• _Information provided_
◆ ◆ ◆ ◆ ◆

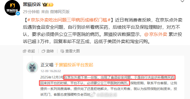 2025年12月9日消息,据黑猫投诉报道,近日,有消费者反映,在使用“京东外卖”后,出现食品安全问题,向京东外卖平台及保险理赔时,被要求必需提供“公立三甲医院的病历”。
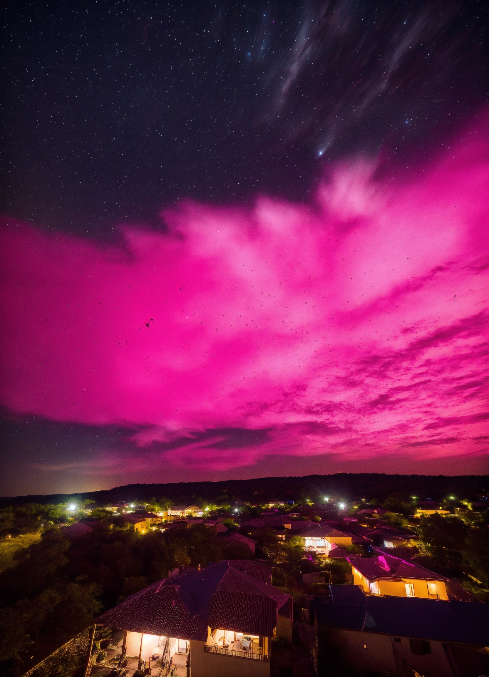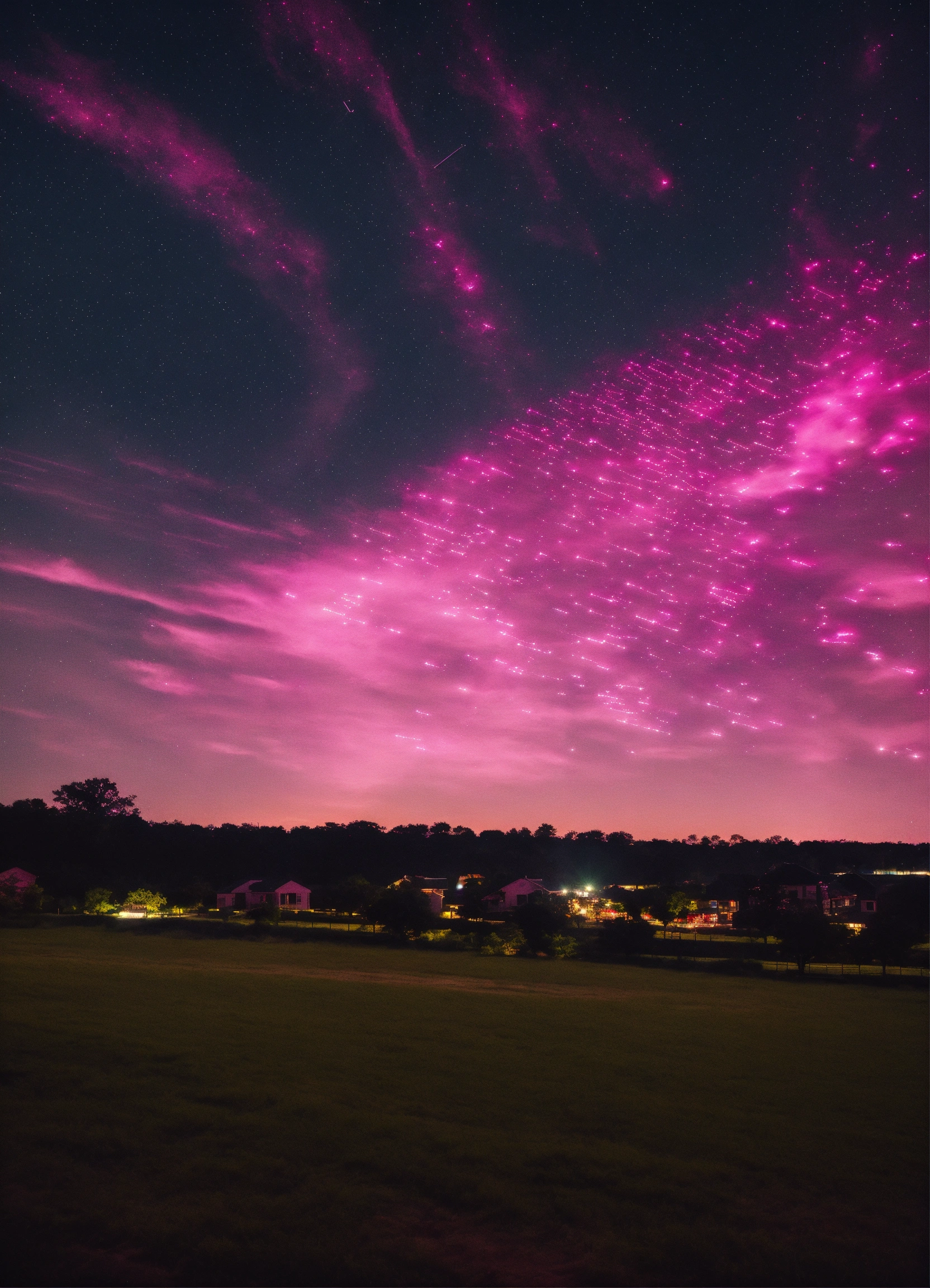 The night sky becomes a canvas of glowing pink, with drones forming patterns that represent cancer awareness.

◆ ◆ ◆ ◆ ◆

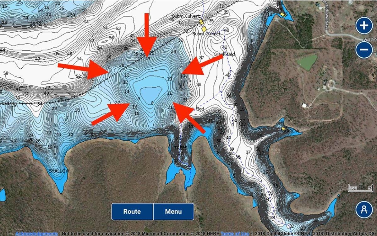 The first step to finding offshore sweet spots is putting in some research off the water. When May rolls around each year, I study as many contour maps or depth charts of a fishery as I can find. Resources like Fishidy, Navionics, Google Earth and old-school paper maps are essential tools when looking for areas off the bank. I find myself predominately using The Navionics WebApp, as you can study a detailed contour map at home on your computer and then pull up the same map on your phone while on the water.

◆ ◆ ◆ ◆ ◆

• _Problem details_
Set the pictures aside and transcribe exactly the stretch of lines above, beginning with the one holding "2025年12月9日消息,据" and ending with the one holding "The night sky".

• _Output_
 2025年12月9日消息,据黑猫投诉报道,近日,有消费者反映,在使用“京东外卖”后,出现食品安全问题,向京东外卖平台及保险理赔时,被要求必需提供“公立三甲医院的病历”。
 The night sky becomes a canvas of glowing pink, with drones forming patterns that represent cancer awareness.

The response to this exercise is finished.